(Dataset excerpt)
_ _ _ _ _

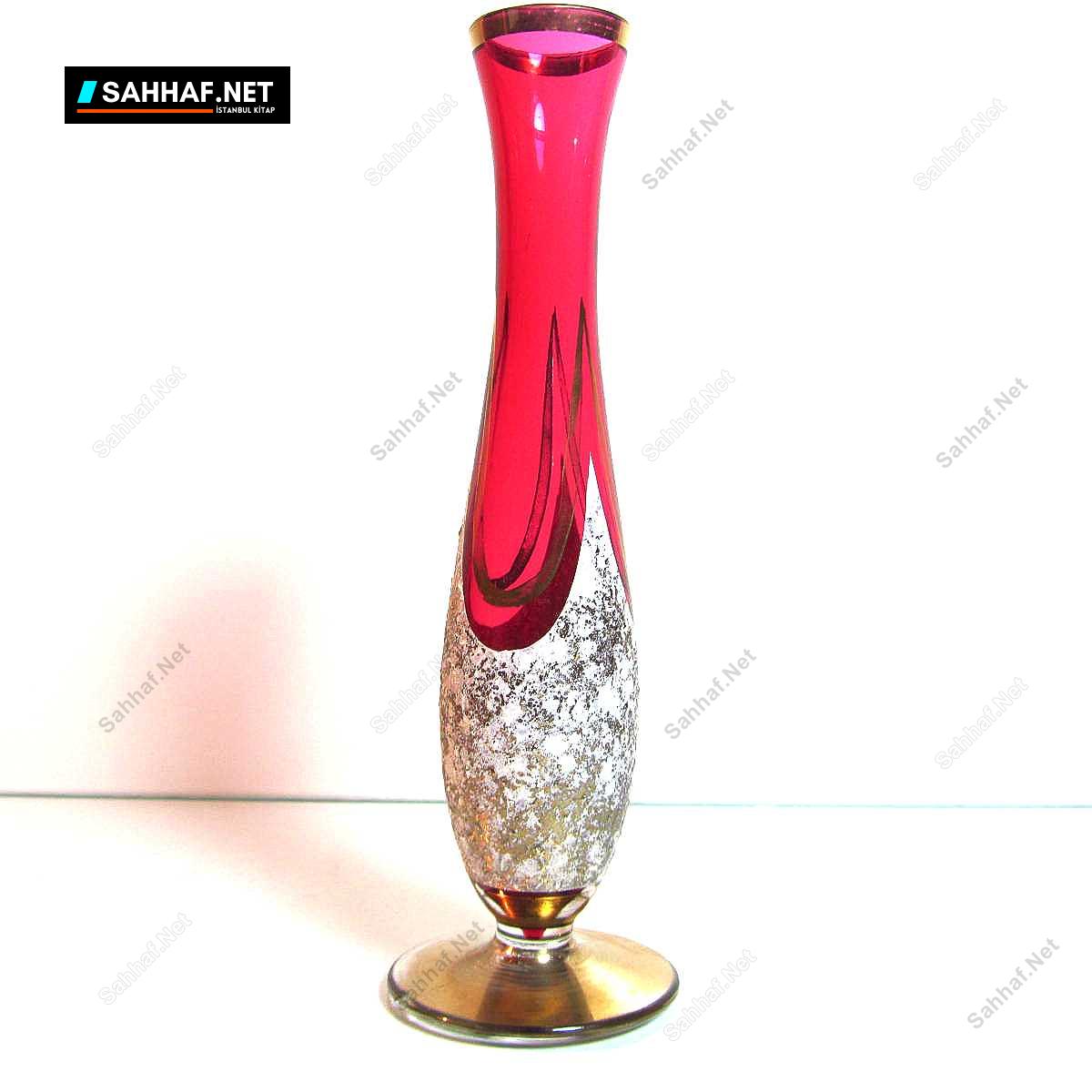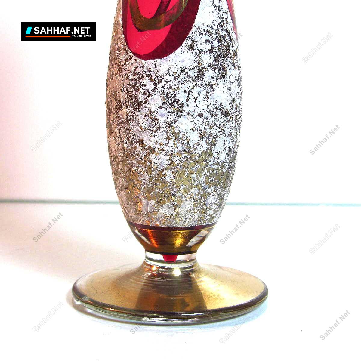 Çok güzel kırmızı renkte bir cam karanfillik. Alt kısmı opak beyaz ve altın rengiyle desenlenmiş. En altta kaide kısmında altinde hafif renk solması ve 2 mm atık var fakat kaide kısmında. Ele alıp incelemedikçe belli olacak bir şekilde değil. Yükseklik: 21 cm
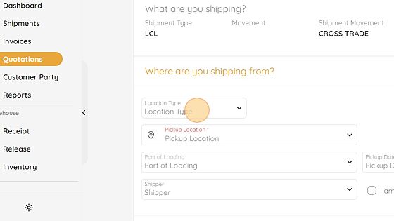 26. If you need to deliver your cargo into a 3PL, under Location Type, please choose "Factory / Warehouse" and select your Consignee via your Consignee's list. If you pre-entered this in the Customer Party tab, you can select your Consignee from the drop down menu.
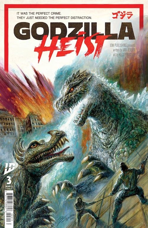Enter: Mechagodzilla! The greatest heist of all time requires the greatest piece of loot-the one man-made creation capable of going toe to toe with the King of the Monsters. Our crew is now inside the Ministry of Defense and moving farther and farther down into its mysterious underbelly. Outside, Godzilla's rampage continues unfettered, bearing its full might down on the Ministry... It all begs the question: What prize could possibly be worth the trouble? All that, and the greatest heist-story twist of all time inside the pages of Godzilla: Heist #3 !
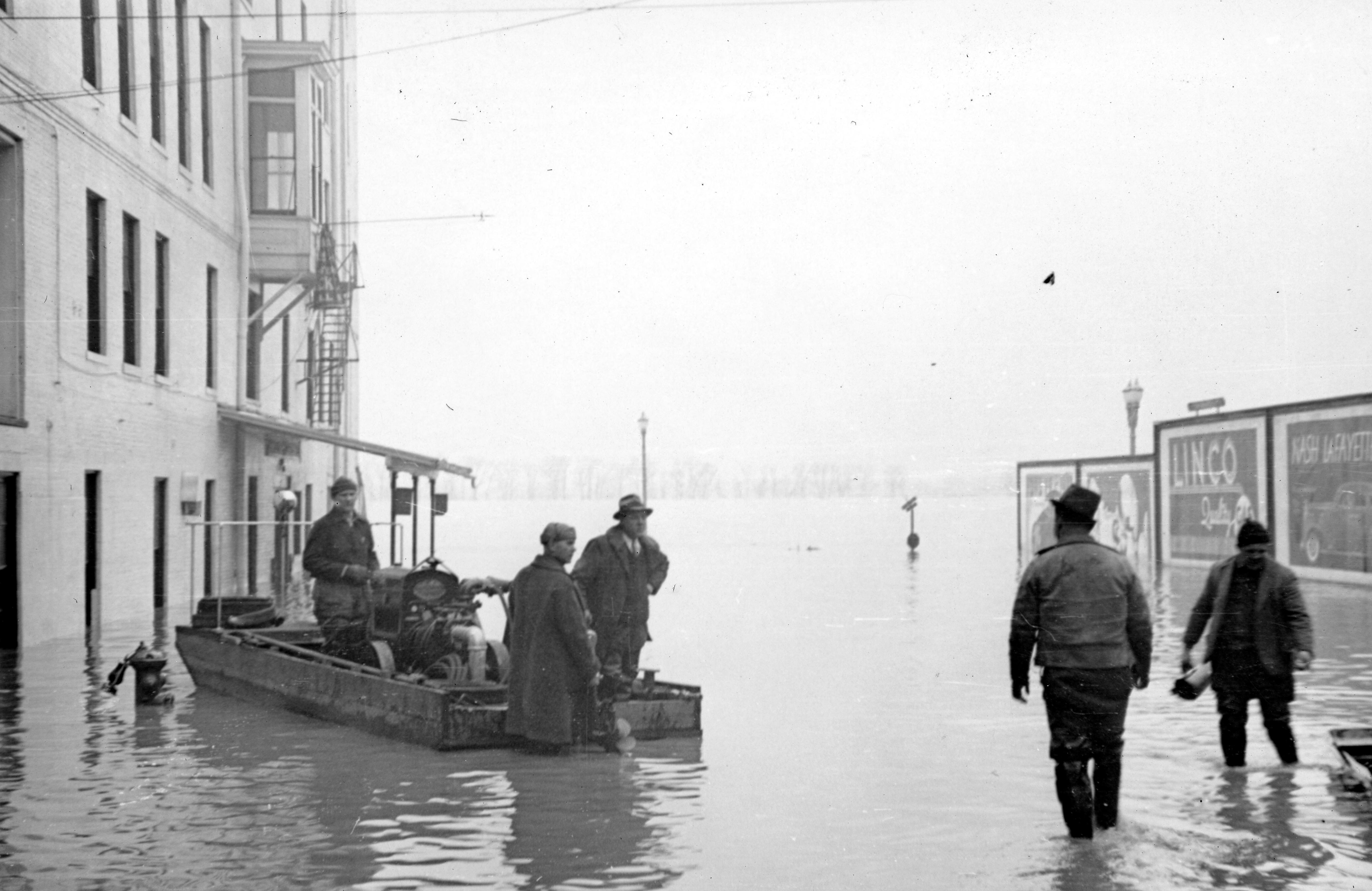 Boetticher and Kellogg Co at 1-15 Fulton Ave. (corner with NW Riverside Dr.) with 2 men in boat and 3 standing in water nearby. Boat might have a pump (?) in it.

_ _ _ _ _

(What the task requires)
Reproduce the data above exactly, but only the lines from the one showing "26. If you need" through the one showing "Enter: Mechagodzilla! The", with both ends kept and the pictures left out.

(Exercise solution)
 26. If you need to deliver your cargo into a 3PL, under Location Type, please choose "Factory / Warehouse" and select your Consignee via your Consignee's list. If you pre-entered this in the Customer Party tab, you can select your Consignee from the drop down menu.
Enter: Mechagodzilla! The greatest heist of all time requires the greatest piece of loot-the one man-made creation capable of going toe to toe with the King of the Monsters. Our crew is now inside the Ministry of Defense and moving farther and farther down into its mysterious underbelly. Outside, Godzilla's rampage continues unfettered, bearing its full might down on the Ministry... It all begs the question: What prize could possibly be worth the trouble? All that, and the greatest heist-story twist of all time inside the pages of Godzilla: Heist #3 !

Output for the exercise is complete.